PracticeAuditOLAF poised for audit scrutiny

OLAF poised for audit scrutiny

Beleaguered European Union anti-fraud unit OLAF will come under further pressure this year, when it is audited by the EU's financial watchdog, the Court of Auditors.

Link: OLAF to report on rise in fraud cases

Juan Manuel Fabra Valles, president of the Court of Auditors, told the European Parliament that a probe of OLAF’s ‘efficiency and effectiveness’ would be a key priority this year.

The news follows proposals by European Commission president Romano Prodi to reform OLAF’s operations, following the Eurostat scandal that saw millions of euros lost in suspicious deals with outside contractors.

Under the proposals, OLAF would have to inform institutions when an investigation finds the possibility of wrongdoing, as well as recommend steps to prevent financial loss.
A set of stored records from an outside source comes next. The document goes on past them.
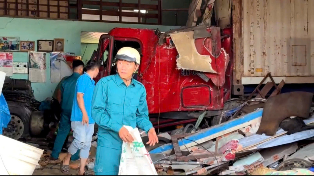 6 ngôi nhà và tài sản trong nhà bị xe tông hư hỏng, thiệt hại nặng. Xe container do anh Trưởng lái bị vỡ nát phần đầu và nhiều bộ phận khác.
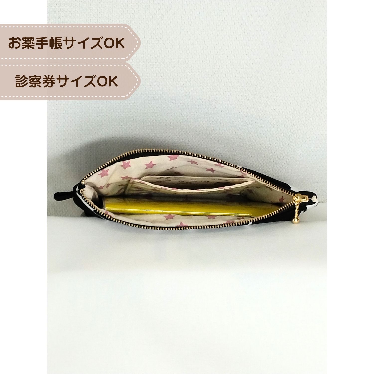お薬手帳や診察券、予備のマスク、通帳、ペンなどのステーショナリーグッズなど 使いやすい大きさです。
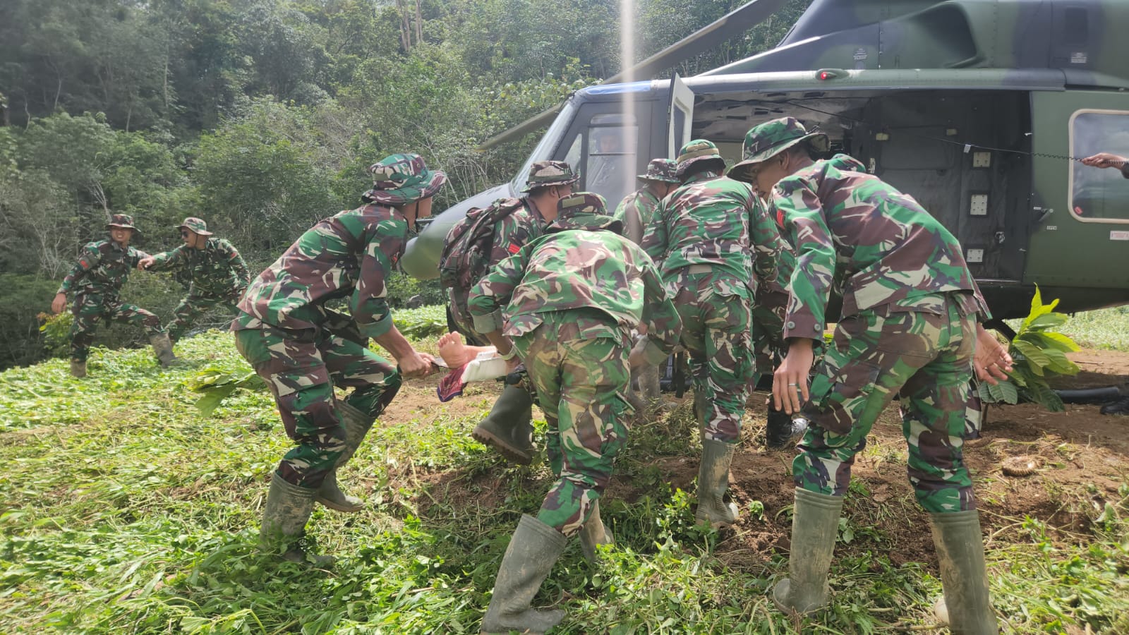 “Sebelum di evakuasi menggunakan hely, warga yang sakit terlebih dahulu diberikan pertolongan pertama, prajurit TNI membuat Tandu untuk membawa warga yang sakit menuju helyped. medan yang dilalui merupakan perbukitan terjal dan licin, akan tetapi tidak mematahkan semangat prajurit TNI untuk menolong masyarakat”ungkap Serda Ius Pasaribu
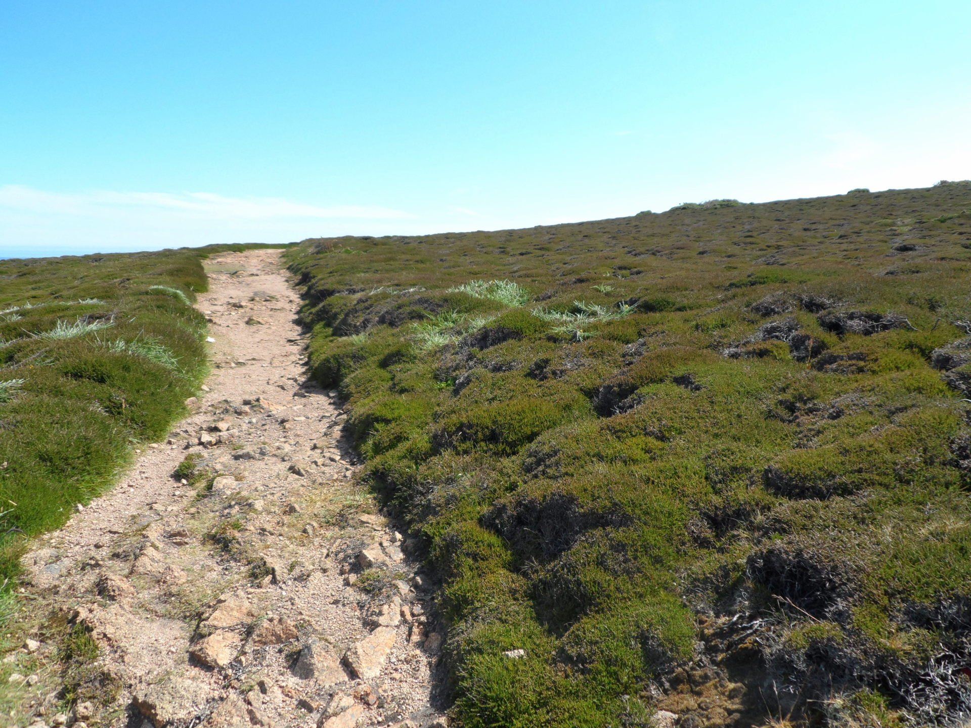 At the top I reach a plateau like headland that makes up the North West corner of the Island, this with quite a distinct look and feel. The initial rocky feel turns more green, with large areas of plants that clump together to give the appearance of a luxurious green carpet! Between this are trails of gravelly sand on which I crunch along.
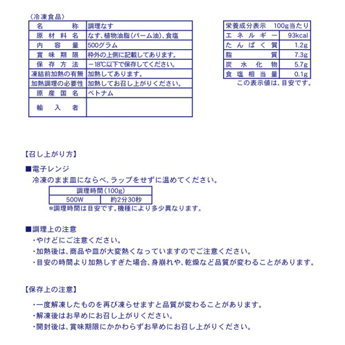 なすの美しい翡翠色を見事に活かし、冷凍ながらきれいな焼き目をつけるなど、見た目にもこだわった逸品です。

Piqued commission officials claimed they were not informed by OLAF of its investigation into Eurostat, and instead learned from the press that millions of euros had gone missing. An internal EU inquiry criticised a lack of control over Eurostat.
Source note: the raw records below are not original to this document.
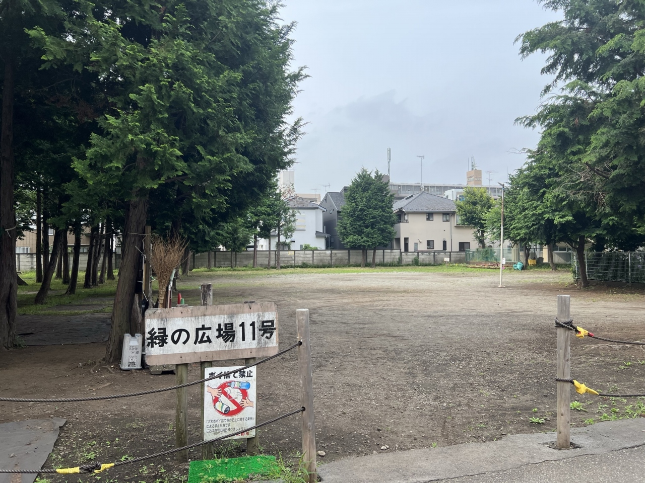 小田急線の南林間駅西口から歩いて12分、静かな住宅街の中に、空き地のようなスペースがあります。これが「緑の広場11号」で、入口には看板もたっています。入口には、子どもたちの遊び場、多目的に地域の人が使うところ、というような説明書きがありました。
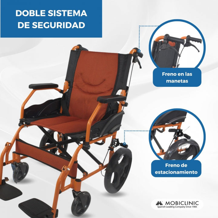 Silla de ruedas | Plegable | Aluminio | Freno en manetas | Reposapiés | Reposabrazos | Naranja | Pirámide | Mobiclinic
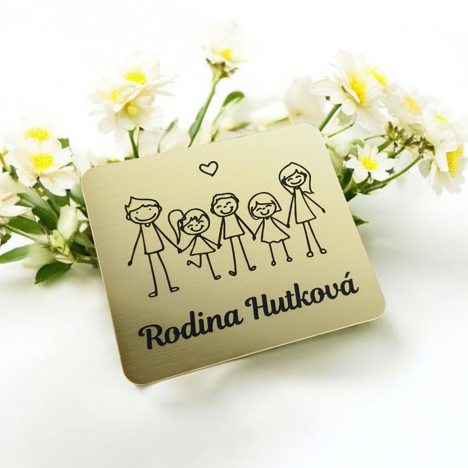 Rozkošná menovka s gravírovaným motívom rodinky. Tri veľké deti. Ideálne dotvorí vchodové dvere...
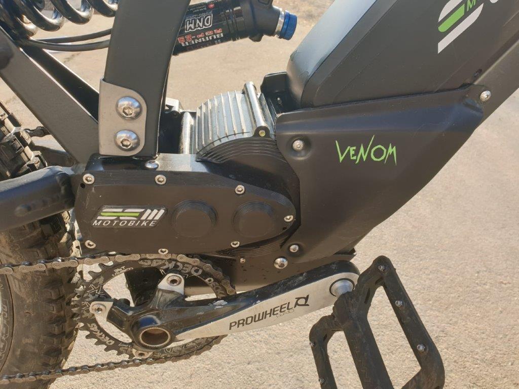 The bike comes in two sizes—medium and large. The motor was designed by SEM and is a load-bearing part of the bike milled from solid aluminum. The motor is independent of the pedals and is controlled on the handlebars. You can switch from 2,000 to 4,000 watts. The battery is another SEM-specific component. It is designed and wired specifically for the bike. It’s a 52 volt 17.5 Ah battery. It takes around 4.5 hours to charge.

The whole affair was a major embarrassment for the commission, which had pledged a ‘zero-tolerance’ policy for financial wrongdoing when it assumed office, after the previous commission was forced to resign in a corruption scandal.
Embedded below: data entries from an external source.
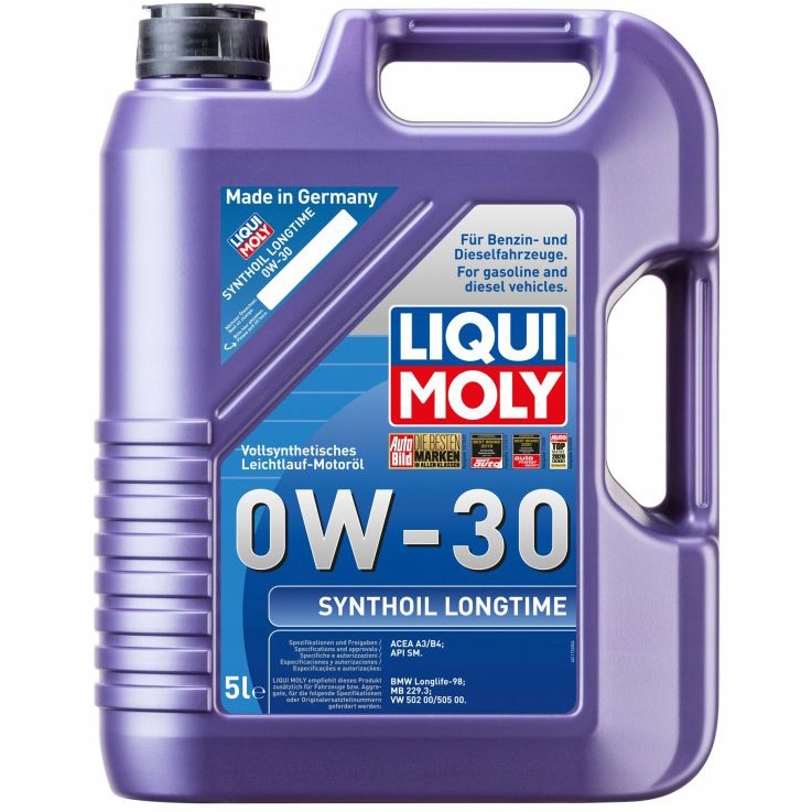 Моторне масло 0W-30 LIQUI MOLY – інше масло, що характеризується низькою в'язкістю, термостійкість і стійкість до окислення. Дозволяє збільшити пробіг між замінами масла, а також поліпшити пуск автомобіля при низьких температурах. Він присвячений більшості бензинових і дизельних двигунів, доступних на ринку.
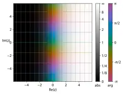 A complex plot of , with the argument represented by varying hue. The transition from dark to light colors shows that is increasing only to the right. The periodic horizontal bands corresponding to the same hue indicate that is periodic in the imaginary part of .
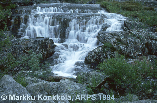| Tšahkaljohkan koski Kilpisjärvi '94 Saanan kaakkoispuolella oleva Tšahkaljohka laskee Tšahkaljavrista Kilpisjärveen, korkeuseroa reilun kilometrin matkalla on 86 metriä. 30x40 , 700 mk
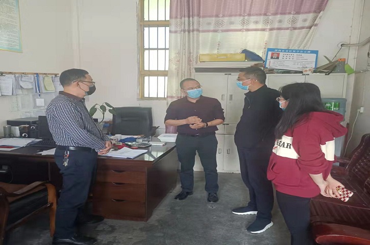 3月15日,县法院院长舒强到鹤龄镇督导重点场所常态化疫情防控措施落实情况,镇党委书记何思志陪同。
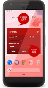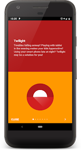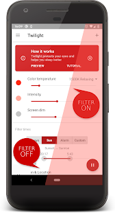 The Twilight app allows your device’s screen to adjust to the time of day. It filters the stream of blue light emitted by your phone or tablet after sunset and protects your eyes with a soft and pleasant red filter. The intensity of the filter is smoothly adjusted to the solar cycle according to the local time of sunset and sunrise. Recent research suggests that exposure to blue light before sleep can alter your natural (circadian) rhythm and lead to an inability to fall asleep.
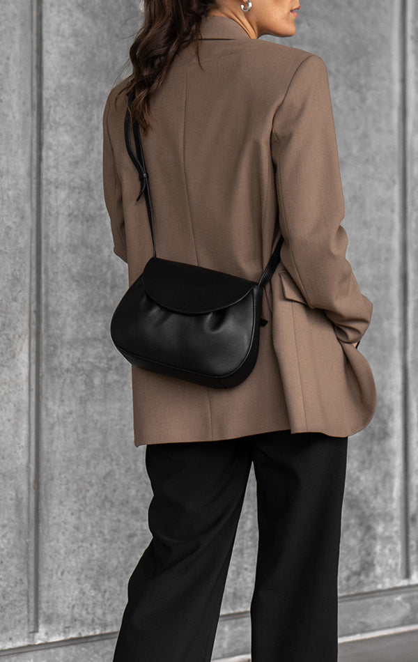 • Justerbar crossbody-strop i læder. Stroplængde 120-135 cm.
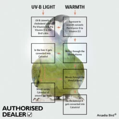 Unlike ineffective LED systems the Arcadia ‘Bird Lamp’ boasts a gentle 2.4% UVB which will, if used as directed, help to both activate natural colour vision and cause the production of the essential Vitamin D3 within the body in a safe and regulated way.
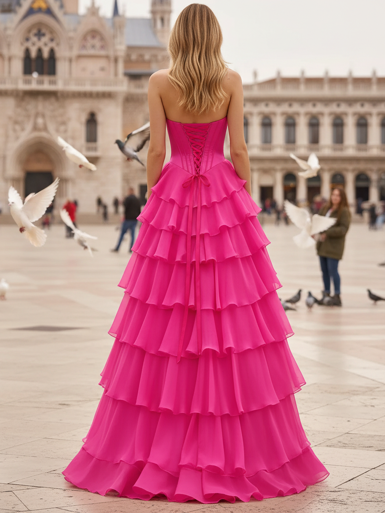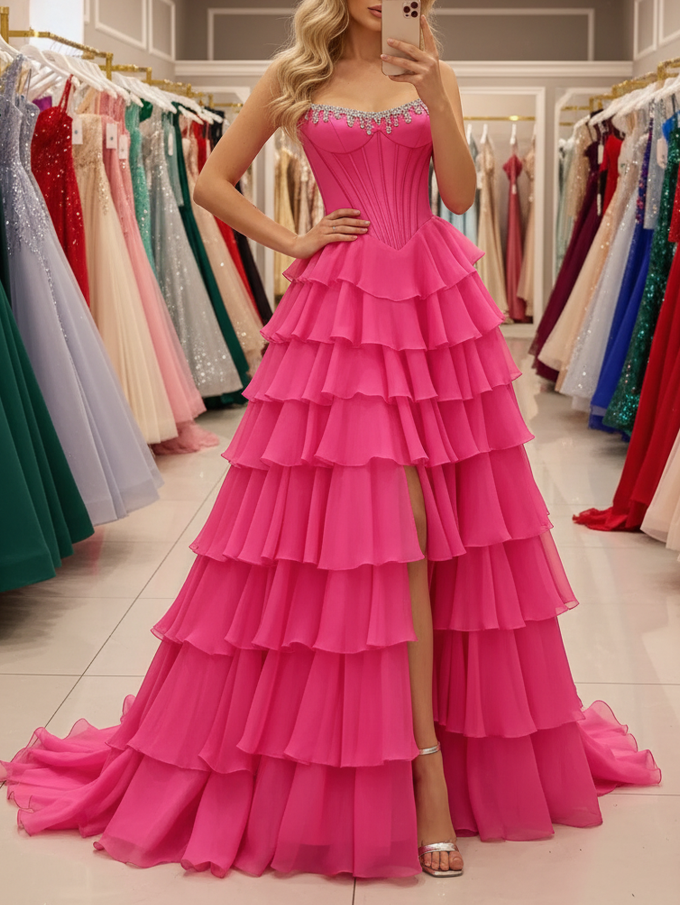 Crystal Corset Layered Ruffle Hem Long Prom Dress With Slit - Hot Pink

Fabra Valles said a light-touch approach was essential to ensuring a firm outcome. ‘We shall take every account of their concerns and shall respect each institution’s independence and observe the rules regarding the confidentiality of the audit, both of which are essential for ensuring our work is objective and professional,’ he said.

Romano Prodi promised an administrative shake-up to counter any future problems with financial impropriety. ‘There will be a new early warning system for collecting and crosschecking all information relating to allegations of fraud, irregularities and wrongdoing,’ he said at the end of last year.

OLAF has resisted change, instead calling for a period of institutional stability within the EU. A critical audit by the court would weaken its case against reform.

However, it may be saved from public criticism as Fabra Valles told MEPs that ‘the findings of its audits may not necessarily be published this year’, and decisions would be made on a case-by-case basis.